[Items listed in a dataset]

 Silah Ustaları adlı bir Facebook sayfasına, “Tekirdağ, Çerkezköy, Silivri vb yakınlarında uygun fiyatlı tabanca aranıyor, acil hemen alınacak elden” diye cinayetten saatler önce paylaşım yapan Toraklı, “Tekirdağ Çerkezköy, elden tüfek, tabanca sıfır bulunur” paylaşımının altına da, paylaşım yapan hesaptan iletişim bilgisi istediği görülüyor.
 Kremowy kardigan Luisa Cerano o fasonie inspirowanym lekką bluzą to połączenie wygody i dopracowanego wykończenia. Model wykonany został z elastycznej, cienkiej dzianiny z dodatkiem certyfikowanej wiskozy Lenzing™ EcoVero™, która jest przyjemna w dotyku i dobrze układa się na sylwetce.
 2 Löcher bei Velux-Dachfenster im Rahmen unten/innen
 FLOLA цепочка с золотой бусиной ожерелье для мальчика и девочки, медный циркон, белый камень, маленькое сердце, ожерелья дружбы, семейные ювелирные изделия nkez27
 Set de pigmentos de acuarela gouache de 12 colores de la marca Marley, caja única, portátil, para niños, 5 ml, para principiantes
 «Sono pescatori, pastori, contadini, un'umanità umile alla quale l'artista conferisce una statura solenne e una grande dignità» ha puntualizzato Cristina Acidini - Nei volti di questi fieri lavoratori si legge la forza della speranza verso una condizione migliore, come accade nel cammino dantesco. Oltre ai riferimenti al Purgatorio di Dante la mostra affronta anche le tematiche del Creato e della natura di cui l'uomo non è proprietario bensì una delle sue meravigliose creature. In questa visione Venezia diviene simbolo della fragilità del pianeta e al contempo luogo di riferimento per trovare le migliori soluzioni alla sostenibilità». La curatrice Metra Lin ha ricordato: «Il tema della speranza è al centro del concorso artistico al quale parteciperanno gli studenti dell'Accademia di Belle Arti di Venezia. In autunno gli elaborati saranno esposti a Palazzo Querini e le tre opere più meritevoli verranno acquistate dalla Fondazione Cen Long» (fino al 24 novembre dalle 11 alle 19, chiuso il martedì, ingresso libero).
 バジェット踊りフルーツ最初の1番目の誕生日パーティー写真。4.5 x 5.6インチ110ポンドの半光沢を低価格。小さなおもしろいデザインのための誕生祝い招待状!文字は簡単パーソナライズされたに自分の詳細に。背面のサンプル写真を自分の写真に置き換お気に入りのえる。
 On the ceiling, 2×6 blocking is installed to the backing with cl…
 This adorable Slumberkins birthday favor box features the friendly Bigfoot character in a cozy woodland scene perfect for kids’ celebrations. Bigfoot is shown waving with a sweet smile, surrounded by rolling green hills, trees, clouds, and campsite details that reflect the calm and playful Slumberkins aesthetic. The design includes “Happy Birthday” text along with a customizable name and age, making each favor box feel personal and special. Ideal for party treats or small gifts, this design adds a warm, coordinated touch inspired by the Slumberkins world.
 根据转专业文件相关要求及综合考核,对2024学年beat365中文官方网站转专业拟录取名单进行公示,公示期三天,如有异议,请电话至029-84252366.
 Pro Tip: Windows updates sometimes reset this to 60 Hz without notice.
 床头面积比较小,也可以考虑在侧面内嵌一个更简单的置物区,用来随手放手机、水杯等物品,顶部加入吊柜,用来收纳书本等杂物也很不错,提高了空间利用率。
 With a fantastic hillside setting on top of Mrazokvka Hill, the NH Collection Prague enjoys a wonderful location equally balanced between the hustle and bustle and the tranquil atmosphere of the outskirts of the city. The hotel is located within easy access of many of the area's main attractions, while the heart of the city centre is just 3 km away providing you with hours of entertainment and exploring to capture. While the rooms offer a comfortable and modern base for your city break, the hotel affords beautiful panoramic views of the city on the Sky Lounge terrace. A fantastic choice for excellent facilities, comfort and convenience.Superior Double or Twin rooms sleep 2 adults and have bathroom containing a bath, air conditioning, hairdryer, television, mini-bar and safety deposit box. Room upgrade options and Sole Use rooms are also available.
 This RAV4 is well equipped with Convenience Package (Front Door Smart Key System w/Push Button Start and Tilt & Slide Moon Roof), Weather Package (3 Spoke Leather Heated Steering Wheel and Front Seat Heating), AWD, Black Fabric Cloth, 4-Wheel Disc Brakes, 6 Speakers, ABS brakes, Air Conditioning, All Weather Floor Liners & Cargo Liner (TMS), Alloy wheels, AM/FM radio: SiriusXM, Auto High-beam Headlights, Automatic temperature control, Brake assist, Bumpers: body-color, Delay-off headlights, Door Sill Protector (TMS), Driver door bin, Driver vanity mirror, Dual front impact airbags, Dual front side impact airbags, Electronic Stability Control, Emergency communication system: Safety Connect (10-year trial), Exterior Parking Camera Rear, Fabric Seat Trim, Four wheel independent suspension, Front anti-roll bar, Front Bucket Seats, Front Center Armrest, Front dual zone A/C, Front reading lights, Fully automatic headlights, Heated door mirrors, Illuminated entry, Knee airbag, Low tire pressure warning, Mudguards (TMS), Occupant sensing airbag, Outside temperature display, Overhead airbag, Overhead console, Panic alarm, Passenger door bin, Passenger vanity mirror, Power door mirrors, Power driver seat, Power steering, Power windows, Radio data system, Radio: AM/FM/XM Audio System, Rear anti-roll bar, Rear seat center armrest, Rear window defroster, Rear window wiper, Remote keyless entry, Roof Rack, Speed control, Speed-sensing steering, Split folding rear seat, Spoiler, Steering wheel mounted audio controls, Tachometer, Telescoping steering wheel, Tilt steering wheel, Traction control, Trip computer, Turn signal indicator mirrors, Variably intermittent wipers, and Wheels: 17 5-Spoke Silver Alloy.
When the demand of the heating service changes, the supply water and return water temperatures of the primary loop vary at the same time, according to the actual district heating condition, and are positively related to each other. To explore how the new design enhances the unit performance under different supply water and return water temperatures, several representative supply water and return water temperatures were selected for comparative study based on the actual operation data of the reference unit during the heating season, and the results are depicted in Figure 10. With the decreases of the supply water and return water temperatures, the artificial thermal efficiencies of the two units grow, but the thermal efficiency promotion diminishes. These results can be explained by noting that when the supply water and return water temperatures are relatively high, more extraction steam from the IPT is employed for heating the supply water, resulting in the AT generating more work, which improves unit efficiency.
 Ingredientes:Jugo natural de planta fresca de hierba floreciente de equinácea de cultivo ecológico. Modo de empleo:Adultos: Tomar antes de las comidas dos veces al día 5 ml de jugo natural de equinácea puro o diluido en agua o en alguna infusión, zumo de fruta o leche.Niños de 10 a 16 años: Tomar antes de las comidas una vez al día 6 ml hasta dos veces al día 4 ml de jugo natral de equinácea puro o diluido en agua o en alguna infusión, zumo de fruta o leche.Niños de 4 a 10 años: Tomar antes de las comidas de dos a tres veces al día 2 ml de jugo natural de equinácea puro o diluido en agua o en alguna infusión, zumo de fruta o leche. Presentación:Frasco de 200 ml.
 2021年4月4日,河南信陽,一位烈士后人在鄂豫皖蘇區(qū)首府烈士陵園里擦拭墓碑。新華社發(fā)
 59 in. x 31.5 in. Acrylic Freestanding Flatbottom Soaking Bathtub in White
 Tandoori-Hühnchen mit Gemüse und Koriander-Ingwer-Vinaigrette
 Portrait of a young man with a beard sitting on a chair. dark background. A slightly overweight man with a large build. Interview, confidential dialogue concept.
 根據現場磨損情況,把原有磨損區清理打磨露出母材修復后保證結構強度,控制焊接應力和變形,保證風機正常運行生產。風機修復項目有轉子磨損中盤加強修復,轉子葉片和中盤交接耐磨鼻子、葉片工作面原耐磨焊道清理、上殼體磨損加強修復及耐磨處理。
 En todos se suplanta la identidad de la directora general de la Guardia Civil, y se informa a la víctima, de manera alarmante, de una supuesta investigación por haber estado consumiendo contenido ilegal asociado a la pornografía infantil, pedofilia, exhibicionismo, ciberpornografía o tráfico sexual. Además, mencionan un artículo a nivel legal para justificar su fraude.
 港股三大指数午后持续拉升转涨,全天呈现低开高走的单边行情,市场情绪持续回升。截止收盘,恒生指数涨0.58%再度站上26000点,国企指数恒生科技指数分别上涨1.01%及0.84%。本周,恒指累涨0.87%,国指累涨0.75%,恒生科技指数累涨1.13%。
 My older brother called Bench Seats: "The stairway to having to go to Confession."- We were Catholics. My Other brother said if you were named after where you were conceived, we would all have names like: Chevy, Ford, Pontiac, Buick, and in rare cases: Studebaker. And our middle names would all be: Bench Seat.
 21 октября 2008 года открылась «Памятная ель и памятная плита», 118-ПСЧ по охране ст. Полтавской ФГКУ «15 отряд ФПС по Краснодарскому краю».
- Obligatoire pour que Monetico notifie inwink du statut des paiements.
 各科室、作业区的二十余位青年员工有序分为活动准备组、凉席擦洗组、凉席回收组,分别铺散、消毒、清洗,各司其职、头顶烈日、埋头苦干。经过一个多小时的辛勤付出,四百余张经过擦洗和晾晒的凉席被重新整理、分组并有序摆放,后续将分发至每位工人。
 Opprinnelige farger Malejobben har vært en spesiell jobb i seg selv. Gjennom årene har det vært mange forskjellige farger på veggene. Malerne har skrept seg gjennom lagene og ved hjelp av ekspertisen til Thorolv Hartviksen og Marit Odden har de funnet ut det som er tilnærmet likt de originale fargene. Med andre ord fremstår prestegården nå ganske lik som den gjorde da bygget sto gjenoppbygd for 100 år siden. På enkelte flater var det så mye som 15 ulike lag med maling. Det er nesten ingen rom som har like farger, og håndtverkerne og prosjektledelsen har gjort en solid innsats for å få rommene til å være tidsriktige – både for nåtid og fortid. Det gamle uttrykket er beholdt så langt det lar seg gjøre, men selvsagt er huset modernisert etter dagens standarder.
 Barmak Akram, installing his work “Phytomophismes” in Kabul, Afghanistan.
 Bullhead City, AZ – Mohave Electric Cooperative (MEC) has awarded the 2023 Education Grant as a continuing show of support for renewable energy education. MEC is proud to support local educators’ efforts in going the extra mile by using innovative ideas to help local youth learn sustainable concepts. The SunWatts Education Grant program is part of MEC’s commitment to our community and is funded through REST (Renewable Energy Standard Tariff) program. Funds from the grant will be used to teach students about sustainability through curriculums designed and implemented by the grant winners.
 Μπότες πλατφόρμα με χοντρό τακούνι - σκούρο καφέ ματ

** Work order **
The entries above hold the needed span. Transcribe exactly the lines from the one with "Pro Tip: Windows" to the one with "With a fantastic", both included.

** Result of the task **
 Pro Tip: Windows updates sometimes reset this to 60 Hz without notice.
 床头面积比较小,也可以考虑在侧面内嵌一个更简单的置物区,用来随手放手机、水杯等物品,顶部加入吊柜,用来收纳书本等杂物也很不错,提高了空间利用率。
 With a fantastic hillside setting on top of Mrazokvka Hill, the NH Collection Prague enjoys a wonderful location equally balanced between the hustle and bustle and the tranquil atmosphere of the outskirts of the city. The hotel is located within easy access of many of the area's main attractions, while the heart of the city centre is just 3 km away providing you with hours of entertainment and exploring to capture. While the rooms offer a comfortable and modern base for your city break, the hotel affords beautiful panoramic views of the city on the Sky Lounge terrace. A fantastic choice for excellent facilities, comfort and convenience.Superior Double or Twin rooms sleep 2 adults and have bathroom containing a bath, air conditioning, hairdryer, television, mini-bar and safety deposit box. Room upgrade options and Sole Use rooms are also available.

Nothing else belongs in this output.